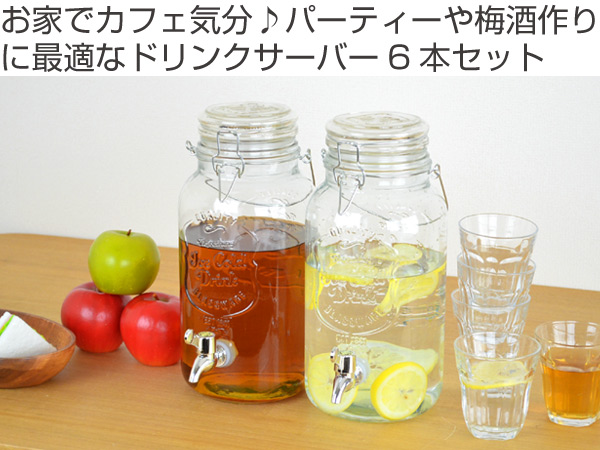 ドリンクサーバー 4L ガラス 蛇口付き 6個セット ( 梅酒 果実酒 ウォーターサーバー ガラス瓶 ガラス製 瓶 ドリンクディスペンサー サングリア ジュース作り )
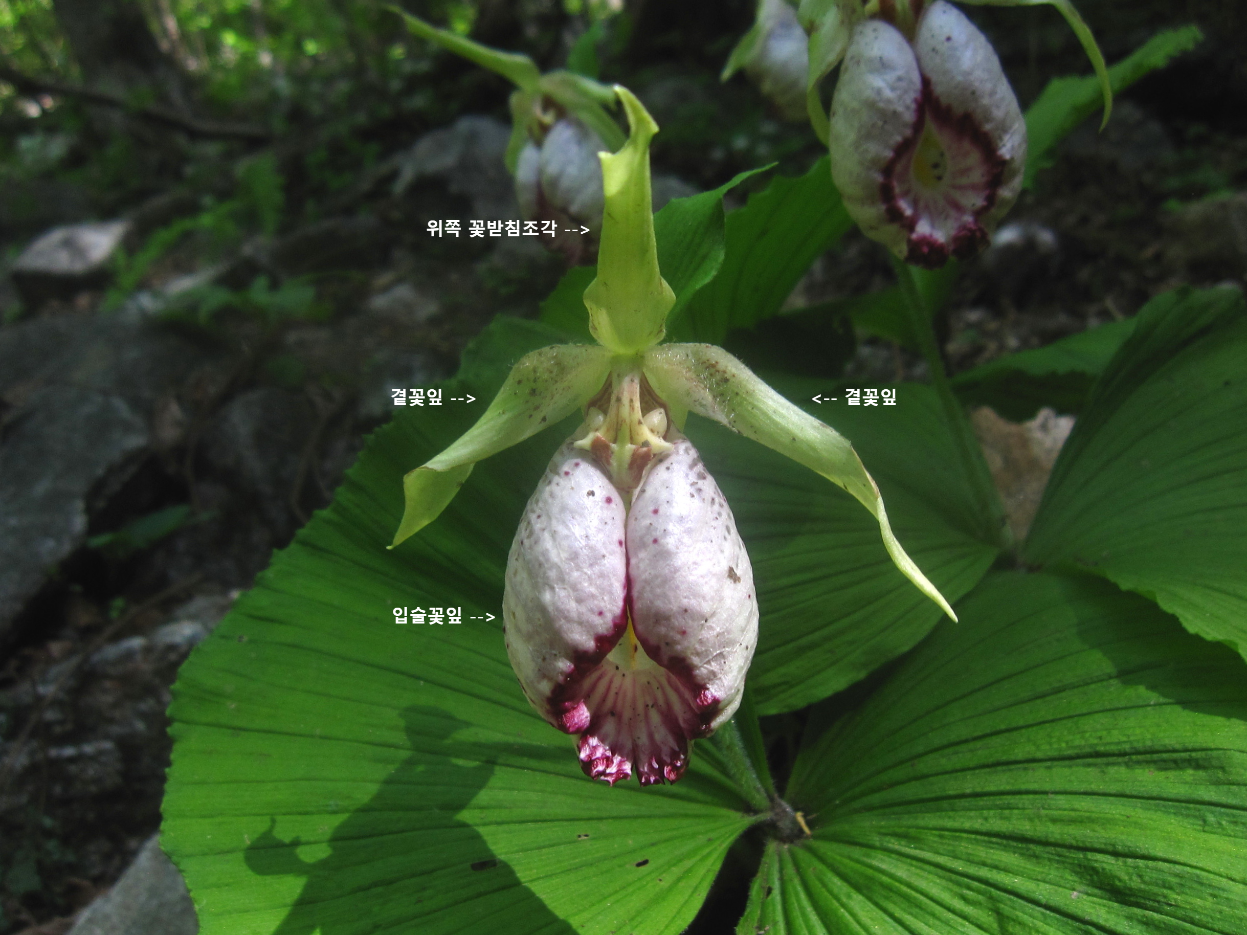 꽃은 복주머니란과 유사한데 위쪽 꽃받침조각 뒷면이 흰색이고
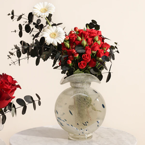 QAR400قم بتحويل أي مساحة مع مجموعتنا ثنائي الأناقة الزهرية وهي عبارة عن ترتيب جذاب من أزهار الجوري البيبي جوري الحمراء يضيف اللون الأبيض النقي للجيربيرا والهابيريكوم الأحمر النابض بالحياة تباينًا مذهلاً، بينما يوفر الأوكالبتوس المهدئ لمسة منعشة. يتم تقديم هذه الهدية في مزهريتين زجاجيتين أنيقتين، وهي مثالية للاحتفال بالحب أو الاحتفال بالأحداث المهمة أو تفتيح يوم شخص ما بألوانها الغنية والديناميكية وتصميمها الأنيق. سواء لمناسبة خاصة أو لمجرد ذلك، فإن هذه المجموعة تشع بالرقي والسحر الصادق.
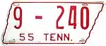 1955 | Embossed red serial on white state-shaped plate with border line; "55 TENN." at bottom | 1-12345 10-1234 1D-1234 10D-123 |
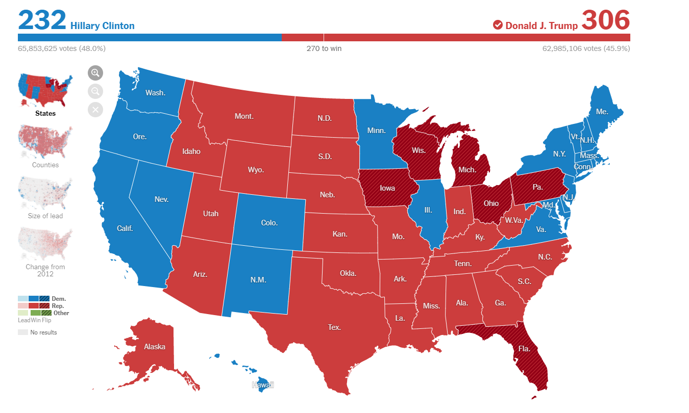 值得一提,目前各州的唱票工作還在進行之中,而在選舉人團機制下,當一個候選人普選票數明顯佔優勢的情況下,美國媒體即預測該候選人可贏得該州所有的選舉人票。
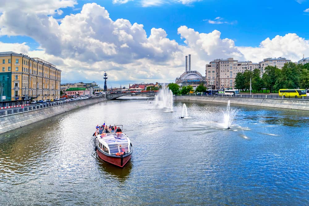 Выбрав теплохода от причала «Третьяковский» по маршруту, вы полюбуетесь водной феерией 16 плавающих фонтанов, Парящим мостом, новым ландшафтным парком Зарядье и самыми известными достопримечательностями столицы: златоглавым Храмом Христа Спасителя, Собором Покрова на Рву (храм Василия Блаженного), Московским Кремлем, грандиозным памятником Петру I, Домом Музыки и многими другими.
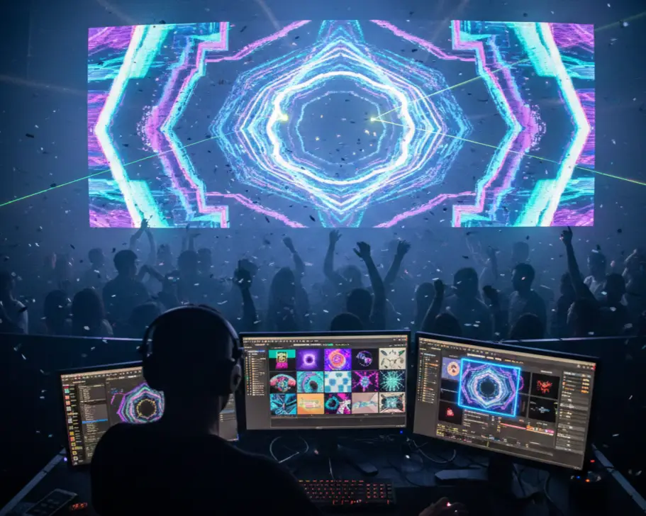 Integración de música y visuales para acompañar el evento con una puesta cuidada y coherente.
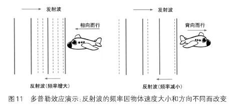 雷达的另一项优势是可以测量物体的瞬时速度,这就要提到物理中鼎鼎大名的“多普勒效应”了。其大意是说,反射波的频率会因为物体行进的速度改变而改变。一个经典的例子是有关声波的传播。远方急驶过来的火车鸣笛声因为火车速度变快而变得尖细(即频率变高),而远去的火车鸣笛声因为火车速度变慢而变得低沉(即频率变低),见图11。那么,利用此规律,只需洞悉了频率变化就可以推断物体的速度了!事实上,上面提到的FMCW雷达可以同时提取物体的距离和速度,可谓一箭双雕。具体的算法细节可以参考文献。
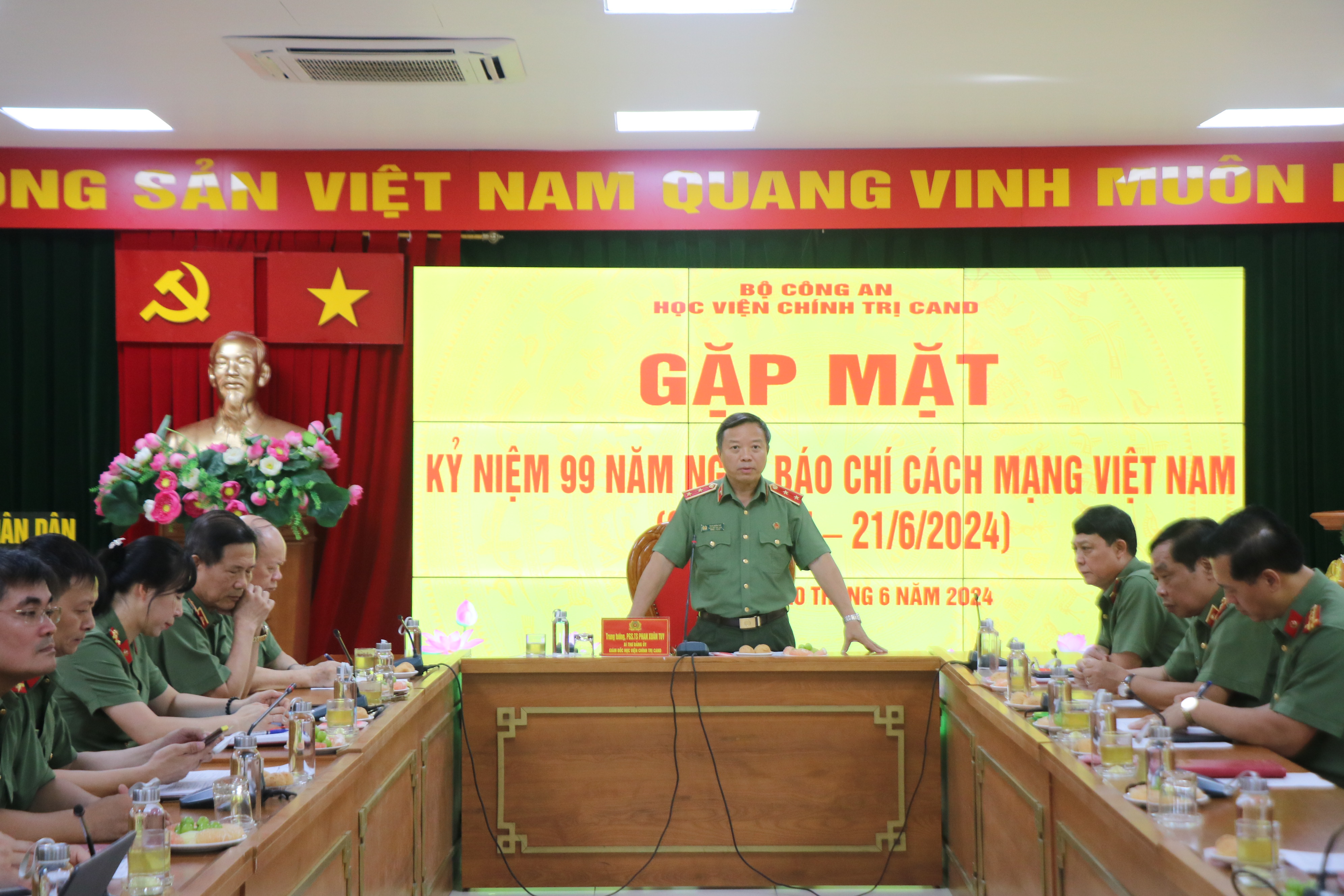 Ngày 20/6/2024, Học viện Chính trị CAND đã tổ chức buổi gặp mặt Nhân kỷ niệm 99 năm Ngày Báo chí Cách mạng Việt Nam (21/6/1925 - 21/6/2024). Đồng chí Trung tướng, PGS. TS Phan Xuân Tuy, Bí thư Đảng ủy, Giám đốc Học viện Chính trị CAND, Chủ tịch Hội đồng Chỉ đạo Tạp chí Lý luận chính trị CAND chủ trì buổi gặp mặt.

◇ ◇ ◇ ◇ ◇ ◇ ◇

Repeat the material exactly, without images.

 ドリンクサーバー 4L ガラス 蛇口付き 6個セット ( 梅酒 果実酒 ウォーターサーバー ガラス瓶 ガラス製 瓶 ドリンクディスペンサー サングリア ジュース作り )
 꽃은 복주머니란과 유사한데 위쪽 꽃받침조각 뒷면이 흰색이고
 QAR400قم بتحويل أي مساحة مع مجموعتنا ثنائي الأناقة الزهرية وهي عبارة عن ترتيب جذاب من أزهار الجوري البيبي جوري الحمراء يضيف اللون الأبيض النقي للجيربيرا والهابيريكوم الأحمر النابض بالحياة تباينًا مذهلاً، بينما يوفر الأوكالبتوس المهدئ لمسة منعشة. يتم تقديم هذه الهدية في مزهريتين زجاجيتين أنيقتين، وهي مثالية للاحتفال بالحب أو الاحتفال بالأحداث المهمة أو تفتيح يوم شخص ما بألوانها الغنية والديناميكية وتصميمها الأنيق. سواء لمناسبة خاصة أو لمجرد ذلك، فإن هذه المجموعة تشع بالرقي والسحر الصادق.
 1955 | Embossed red serial on white state-shaped plate with border line; "55 TENN." at bottom | 1-12345 10-1234 1D-1234 10D-123 |
 值得一提,目前各州的唱票工作還在進行之中,而在選舉人團機制下,當一個候選人普選票數明顯佔優勢的情況下,美國媒體即預測該候選人可贏得該州所有的選舉人票。
 Выбрав теплохода от причала «Третьяковский» по маршруту, вы полюбуетесь водной феерией 16 плавающих фонтанов, Парящим мостом, новым ландшафтным парком Зарядье и самыми известными достопримечательностями столицы: златоглавым Храмом Христа Спасителя, Собором Покрова на Рву (храм Василия Блаженного), Московским Кремлем, грандиозным памятником Петру I, Домом Музыки и многими другими.
 Integración de música y visuales para acompañar el evento con una puesta cuidada y coherente.
 雷达的另一项优势是可以测量物体的瞬时速度,这就要提到物理中鼎鼎大名的“多普勒效应”了。其大意是说,反射波的频率会因为物体行进的速度改变而改变。一个经典的例子是有关声波的传播。远方急驶过来的火车鸣笛声因为火车速度变快而变得尖细(即频率变高),而远去的火车鸣笛声因为火车速度变慢而变得低沉(即频率变低),见图11。那么,利用此规律,只需洞悉了频率变化就可以推断物体的速度了!事实上,上面提到的FMCW雷达可以同时提取物体的距离和速度,可谓一箭双雕。具体的算法细节可以参考文献。
 Ngày 20/6/2024, Học viện Chính trị CAND đã tổ chức buổi gặp mặt Nhân kỷ niệm 99 năm Ngày Báo chí Cách mạng Việt Nam (21/6/1925 - 21/6/2024). Đồng chí Trung tướng, PGS. TS Phan Xuân Tuy, Bí thư Đảng ủy, Giám đốc Học viện Chính trị CAND, Chủ tịch Hội đồng Chỉ đạo Tạp chí Lý luận chính trị CAND chủ trì buổi gặp mặt.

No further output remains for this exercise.